Second-order effects

  • Agriculture (high, 3-6 months): Increased fertilizer costs will raise agricultural production expenses, potentially leading to higher food prices and reduced yields if farmers cut back on fertilizer use. Consumer price impact: +5%.
  • Manufacturing (high, 2-5 months): Higher petrochemical and aluminum prices will increase input costs for various manufacturing industries, from plastics to automotive, leading to higher consumer goods prices. Consumer price impact: +3.5%.
  • Shipping & Logistics (critical, Immediate and ongoing): Exorbitant VLCC freight rates will significantly increase the cost of transporting goods globally, impacting all sectors reliant on international trade. Consumer price impact: +2%.
  • Energy-intensive industries (high, 1-3 months): Industries with high energy consumption, such as chemicals, steel, and cement, will face substantial increases in operational costs due to rising crude oil and natural gas prices. Consumer price impact: +4%.

Winners & losers

Hardest hit

  • Shipping Companies (reliant on Hormuz)
  • Petrochemical Manufacturers
  • Airlines
  • Automotive

Benefiting

  • Oil & Gas Producers (outside Middle East)
  • Alternative Energy

Methodology

Input-output economic modeling tracing energy cost propagation through industrial supply chains.

Analyst note

The closure of the Strait of Hormuz represents a critical and immediate supply shock to global energy markets. The current crude oil prices, while elevated, do not yet fully reflect the sustained impact of 14M bbl/day disruption. VLCC freight rates have already reacted sharply, indicating the severe logistical challenges. The cascade will be felt across all energy-intensive industries and consumer goods, with significant inflationary pressures building over the next 3-6 months. The lack of spot price data for several key commodities suggests market illiquidity and uncertainty, which typically precedes further price volatility. Geopolitical tensions remain extremely high, suggesting a prolonged crisis.

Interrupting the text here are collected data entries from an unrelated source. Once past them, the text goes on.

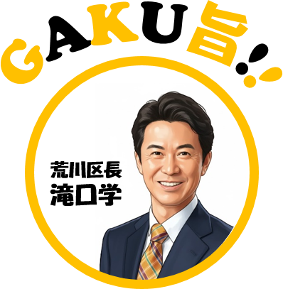 滝口学(がく)区長がおすすめする「あらかわ健康ごはん」は下の「GAKU旨」マークが目印です。
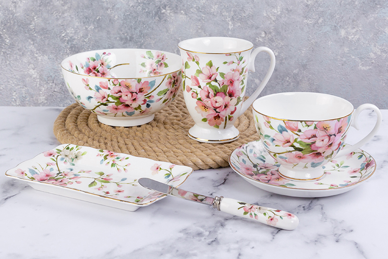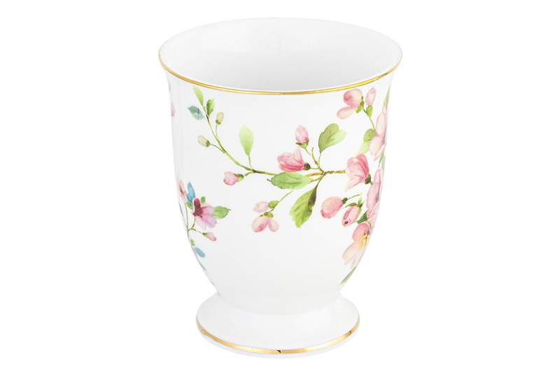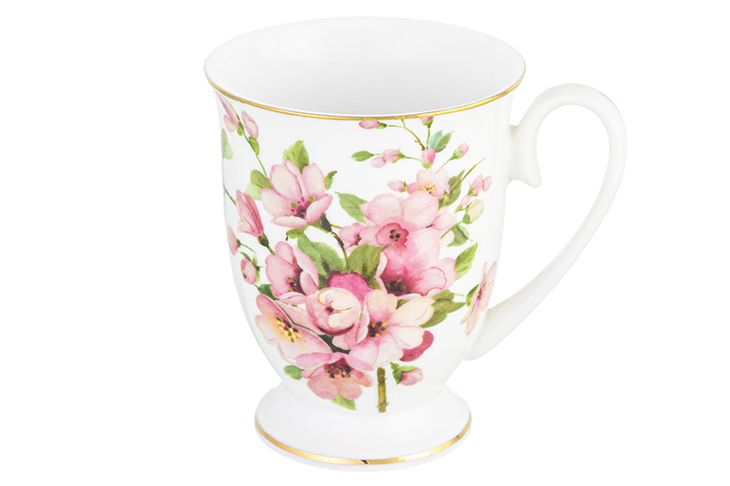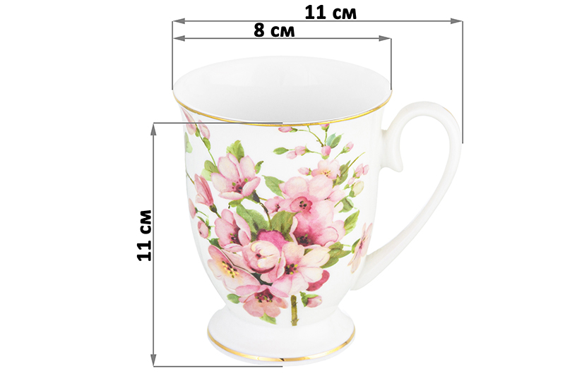 Кружка 300 мл 11*8*11 см "Яблоневый цвет на белом" на ножке, NEW BONE CHINA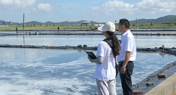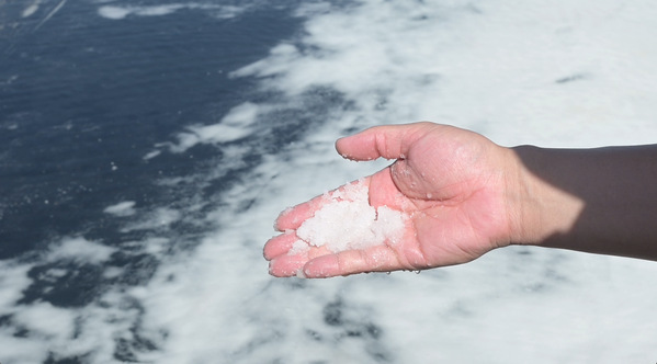丰富的海盐是大海赠予人们的“白金”。为了深入地了解“白金”如何助推经济发展,实践分队来到了浙江绿海制盐责任有限公司,在总经理助理许超锋的带领下,队员们参观了盐场以及生产车间。大家了解到,该公司目前负责生产雪涛日晒自然盐系列、鲜晒海盐系列和岱山贡盐等10余个品种,年产量达2万吨。公司日晒盐的晒制过程保留了最传统的岱山海盐晒制技艺,在岱山仅存的12 名盐农的劳作下,以太阳和风力为能源,晒制出高品质的盐。在这里,传统与科技的融合,让盐的品质和产量得到了保障。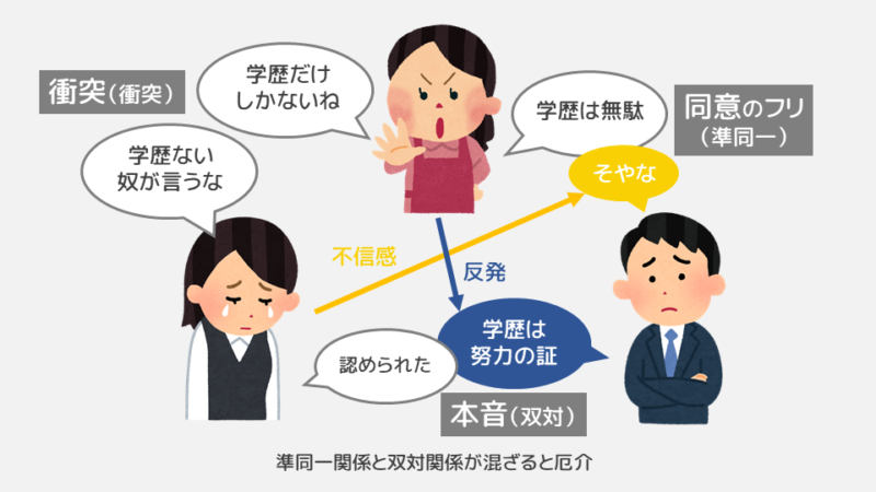 このときはひどいマザコン野郎めと思いましたし、結婚したら嫁姑問題が起こることは間違いないと思いました。ただ、お母さんと彼が準同一関係であることを考慮すれば、彼の態度も理解できます。準同一関係は、「意見が合っているフリ」をすることで保たれるという難しい関係なのです。つまり、ここでお母さんに反論したところで親子関係かつ上司部下の関係が悪化してしまうことになる。彼にとってもどうしようもない状況ではあったのでしょう。そして彼は「2人が仲良くすればいいだけだろ」と言うのですが、それも困難な状況でした。なぜなら私とお母さんは「衝突関係」で、既に衝突が始まっていたからです。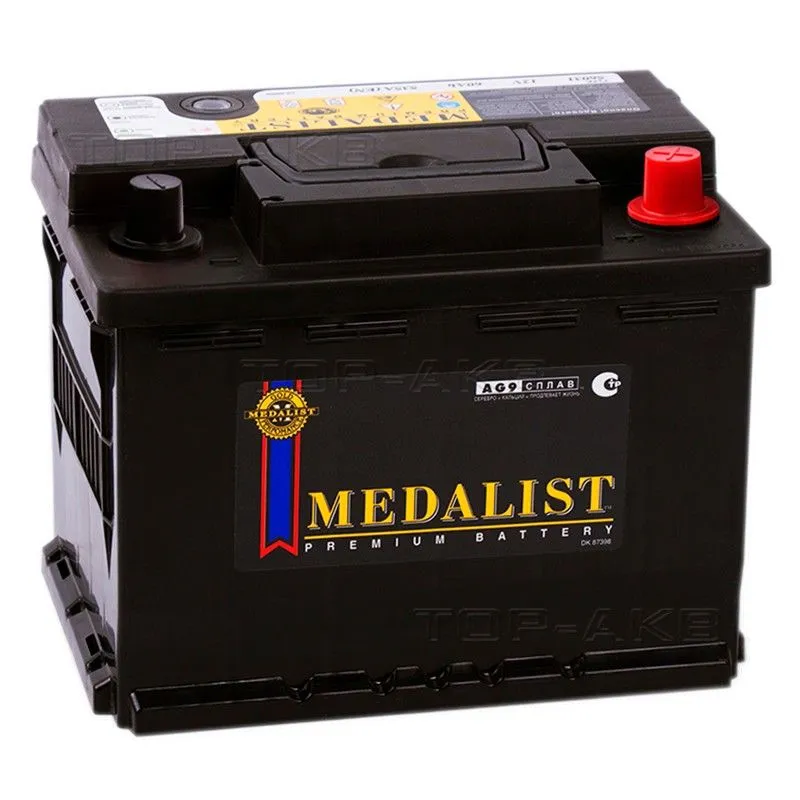 Medalist 60 Ач, пусковой ток 540 А, производства Турция. Габаритные размеры аккумуляторной батареи составляют 242x175x190 мм по длине, ширине и высоте соответственно. Величина пускового тока 540 А согласно европейскому стандарту, ёмкость батареи составляет 60 Ач, тип токовывода - стандартные клеммы.

Frequently asked questions

How do oil prices affect fertilizer costs?
Natural gas is the primary feedstock for ammonia production, the base for nitrogen fertilizers. When oil prices spike, natural gas prices follow (10-20 day lag), increasing ammonia costs by 30-50%, which cascades into fertilizer prices within 30-45 days.
Which commodities are most affected by oil price increases?
Based on current data, the most impacted commodities are: VLCC tanker freight (+41.24%), WTI Crude (+40.64%), Brent Crude (+32.22%), Petrochemicals (+21.64%), Methanol (+2.44%).
How long does it take for oil price changes to affect food prices?
Food prices typically lag oil prices by 45-60 days. Based on current data, peak food inflation impact is expected in October/November 2026.
What is a commodity cascade effect?
A commodity cascade is the sequential impact of a price shock in one commodity (like crude oil) propagating through related commodities via supply-chain dependencies, each with a characteristic lag and amplification factor.
How does the Hormuz crisis affect global inflation?
The crisis is projected to add +3% to headline CPI globally through energy cost pass-through into transport, manufacturing, and food production.